An observation that I didn’t see them make explicitly is that orienteering can reduce the search space and thus increase precision. I do this frequently; for example, when searching for a file in the file system, I go a directory that I’m pretty sure is above the file I am looking for, then do a find:
find . -name emailCartoons
Instead of navigating to some subdirectory, I could do the find from / or from my home directory, but that would give me way more information than I need.
The authors also don’t say what operating system their test subjects used, nor which email client they used. Different email clients have radically different search capabilities! In particular, I remember that when I was researching my book, people told me that the Outlook search was so slow that it was too painful to use. Gmail, on the other hand, has search so fast that I almost never orienteer to find a message. While I have never tried it, I hear that Google Desktop is a whiz at teleporting.

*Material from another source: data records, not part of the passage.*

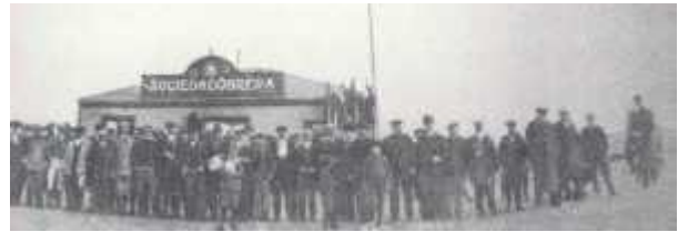
Grupo de personas en la puerta de la Sociedad Obrera de Río Gallegos

El 28 de enero de 1921 en el transporte "Guardia Nacional" se embarcó el 10º Regimiento, al mando del Teniente Coronel Varela, rumbo a Puerto Gallegos. El 29 de enero llegó después de varios meses de estar nombrado el gobernador de la provincia. La llegada del nuevo gobernador Yza permite entrar en una etapa de acercamiento de ambas partes y comienzan las negociaciones. Durante estos días el gobernador Yza pondrá en libertad a los presos sindicales y se suspenderá el clima de represión que se vivía en las ciudades del sur. La actitud dialogante y la promesa de cumplimiento de las reivindicaciones de los trabajadores permitirá el fin de la huelga.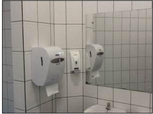
Sanitários disponíveis em Araranguá.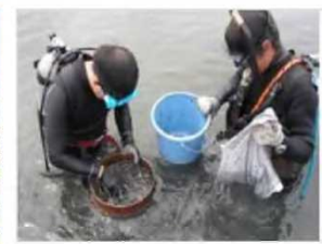
生物育成環境モニタリング [兵庫県：東播海岸]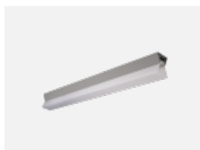
132-50031, W tubus závěsný 1000 mm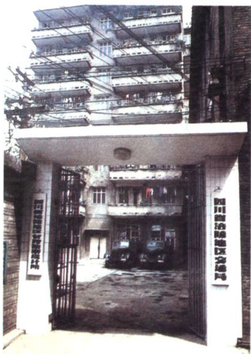
1993年以前的涪陵地区交通局、地区交委 办公楼（右侧）及宿舍楼之一（正面）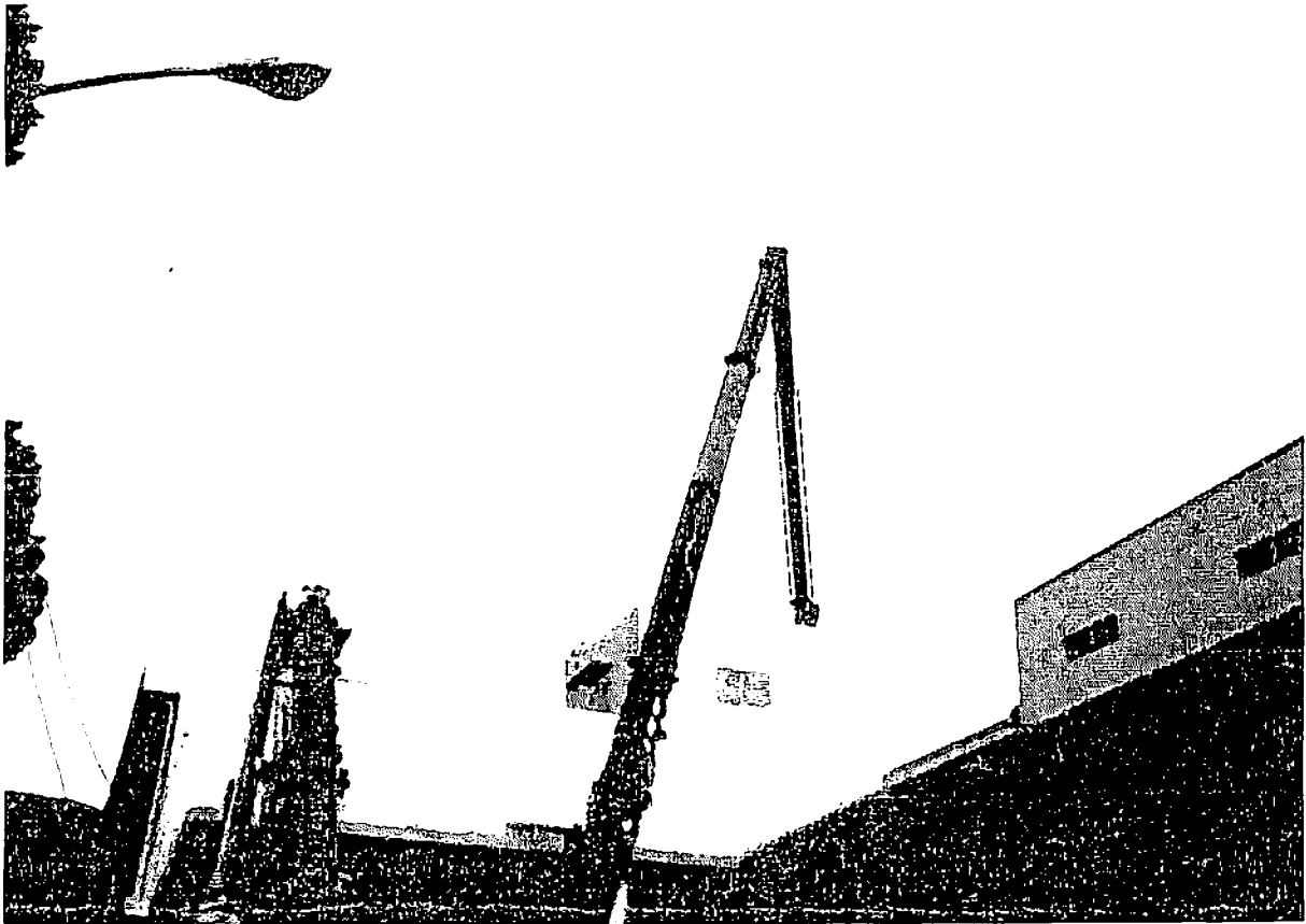
ジブが折損した移動式クレーン

移動式クレーンの主ジブを倒してフックを当該ダクトの真上に持ってきて2本のベルトスリングにより玉掛けをし、フックを巻き上げたところ過負荷防止装置が100%に達したため、その状態で旋回して荷を30~40cm程度ずらした。その後引き続いて移動式クレーンにより横取りすることとし、ジブを起こしながら巻き上げ用ワイヤロープを延ばす操作を7~8回繰り返しながら搬出場所付近まで3m程移動したところで（その位置での作業半径31.6m~35.1m、定格荷重0.95t~0.85t）ジブを起こした時、荷が少し屋上より浮いた状態となり、その瞬間、当該クレーンの第5ジブが折れ曲がり始めて先端の補助ジブが屋上に激突した。

I also have to think that better training on search engines would help people teleport more. For example, instead of typing the URL for the University of East-Central Illinois at Hoople’s math department, then clicking around to the faculty page to get to Sabrina Aguilar’s home page, someone could instead search Google for
aguilar site:math.ueci-h.edu
but a lot of people don’t know about the site: feature.
The Google Guide by my friend Nancy Blachman has good information on how to search better, including this advanced operators cheat sheet.